The day was going well and we had yet to be late, but we still had our surgery appointment. I was not leaving there until someone actually took out her G-tube and looked at the red tissue bulging from it, even if it was just to tell me that it was in fact granulated tissue (beefy looking scar tissue that starts to build up in response to trauma).

We went in and Dee, Dr. Teich’s nurse that knows us by name because I have called her so many times, looked at me and said she was feeling rebellious and was going to measure Averi for a Mickey button. Wow! Every time we go there they always tell us that she’ll get a button “next time;” well it finally happened.

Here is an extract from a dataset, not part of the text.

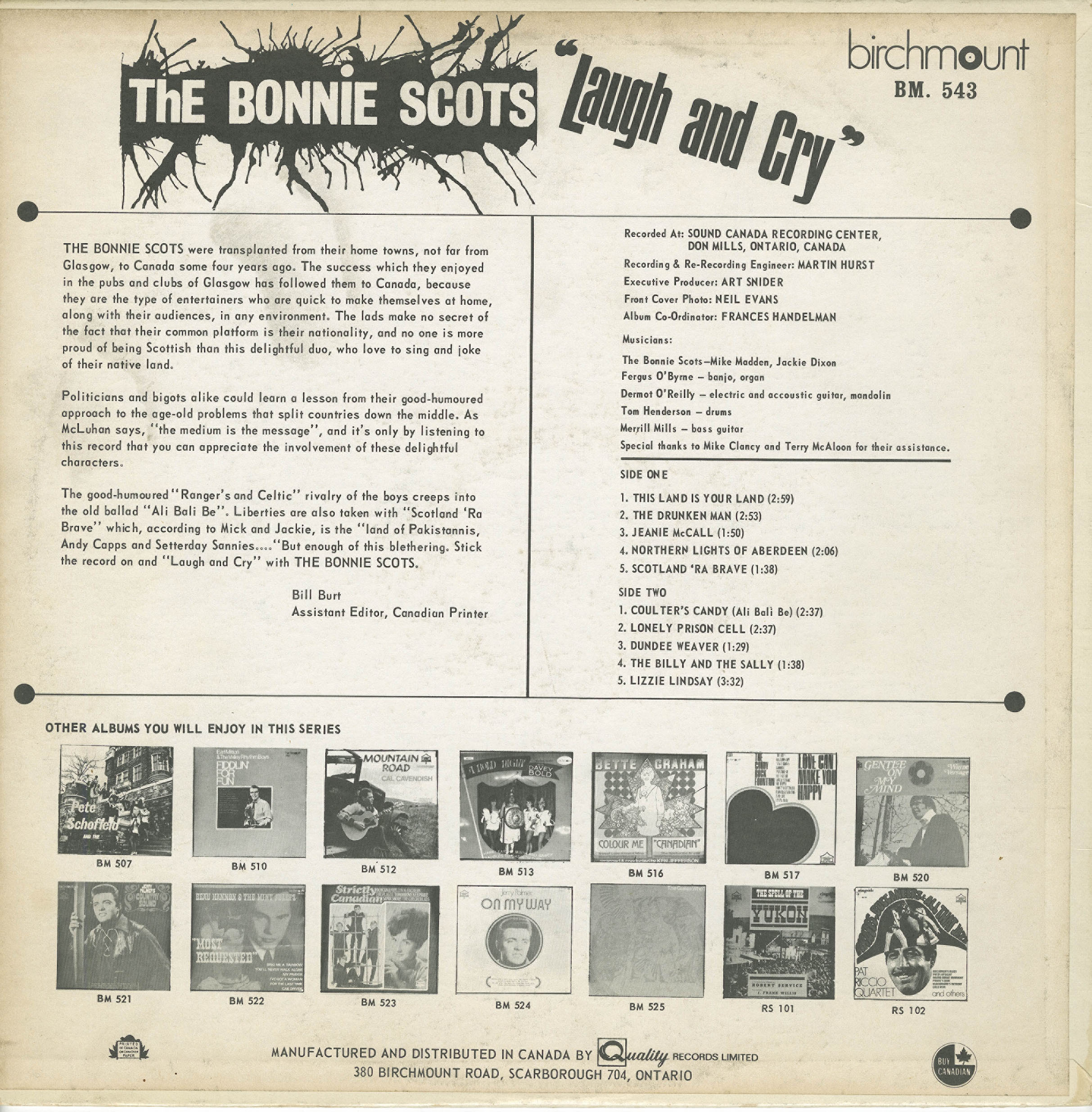 | Bonnie Scots | Jeanie McCall | Laugh and Cry | 01:49 | |

This has made all the difference! The Mickey Button is like a flip top for her stomach. It just sticks out a little bit and can be closed so that she can wear regular clothes that don’t open down the front for the tube to stick out.The tube for her continuous feed is bent and rotates 360 degrees, instead of having a tube sticking straight out that gets pulled on and irritates her skin. It is measured for the thickness of her stomach (the second smallest size they make) so it fits a lot better and won’t leak so much. There is even a medicine port on the side so we don’t have to stop her feed every time she needs her meds. It’s the small things in life that make you happy! :)Overall it was a great day and it looks like things are starting to move in the right direction!


Vanessa said...

Allright!! That makes us ALL happy. Glad things are moving for ya. Let us know when that surgery is.

Glenn and Melanie said...

It's amazing what things become exciting! Yeah for Averi. I can't wait until they get the surgery scheduled. Meanwhile - I sure have a cute grand daughter!

Stephanie said...

I'm impressed that you went to each appointment with a goal...and was able to get so much accomplished in one day!! I love the picture of Averi's big smile at the top of your post!!

Nicki said...

Yeah! I can't believe how much had to be done all in one day. Now I know where Averi gets her strong will to live and determination... from you!

Josh n Betsie said...

you amaze me. i am so glad you were able to get all that done and she was able to get a button. YIPPEE...

Jennifer said...

That's so wonderful! So glad everything is working out. She certainly is adorable! :)

Lauren in GA said...

Oh, are so amazing. I love how you made sure your goals for the appointments were met. What great news to kill two birds with one stone...several times.

Yay for the Mickey Button!!

That picture of her is so darling. What a beautiful smile!!!!

That is fascinating about the Maalox and the Sprite. I had no idea.

Tina said...

I'm so happy for you and especially for Averi that things are getting fixed (in a sense). I love that you have goals for your appointments, I always forget what I wanted to ask of to get taken care of. Nice job!